"But you are so little: do you always dance?"
"I am always to dance now; I did not until this season."
Her voice was dreamy and cold, the flush had already faded; she seemed not speaking with the slightest consciousness.
"Do go, Master Auchester!" and Clara looked at me from her azure eyes as kindly as if she smiled. "Do go, or she will have no tea, and will be very tired. I am so much obliged to you for the sweet yellow honey; I shall keep it in my closet, in that pretty blue jar."
I would have the blue jar, though Lydia wanted me to take a white one.
"Oh, pray eat the honey, and give me the jar to fill again! I won't stay, don't be afraid, but good-night. Won't you let me shake hands with you, Miss Lemark?" for she still stood apart, like a reed in a sultry day. She looked at me directly. "Good-night, dear!" I was so inexpressibly touched by the tone, or the manner, or the mysterious something—that haunted her dancing—in her, that I added, "Shall I bring you some flowers next class-night?"

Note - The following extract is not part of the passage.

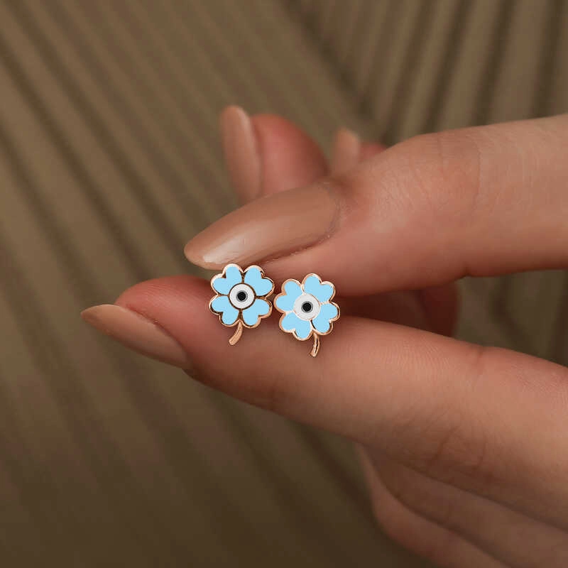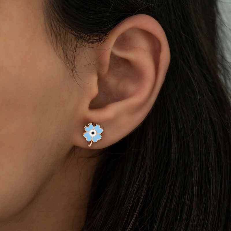 925 Ayar Gümüş Fosforlu Mavi Yonca Küpe
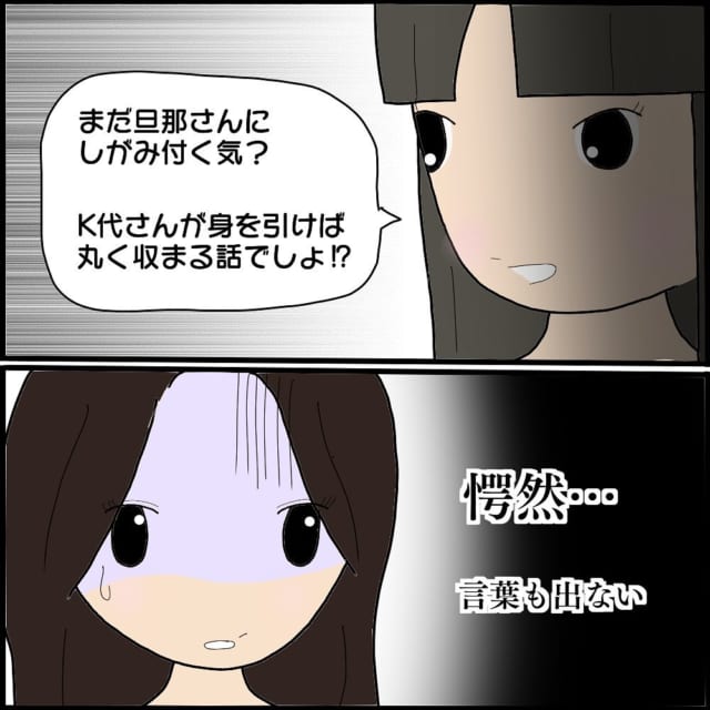 その後の話で、K代さんは『離婚はしない』と断言していた夫の態度に不信感を覚えるように。ついに嫌気がさしたK代さんは夫との離婚を決意します!

"Oh, do go, Master Auchester! I prayed you ten minutes ago."
"I am gone." And so I was; and this time I was not too late for my own tea at home.
There must be something startlingly perfect in that which returns upon the soul with a more absolute impression after its abstraction of our faculties has passed away. So completely had the fascination of those steps sufficed that I forgot the voice of Miss Benette, resounding all the time, and only associated in my recollection the silver monotone of the clinking bells with the lulling undulation, the quivering feet. All night long, when I dreamed, it was so; and when I awoke in the morning (as usual), I thought the evening before, a dream.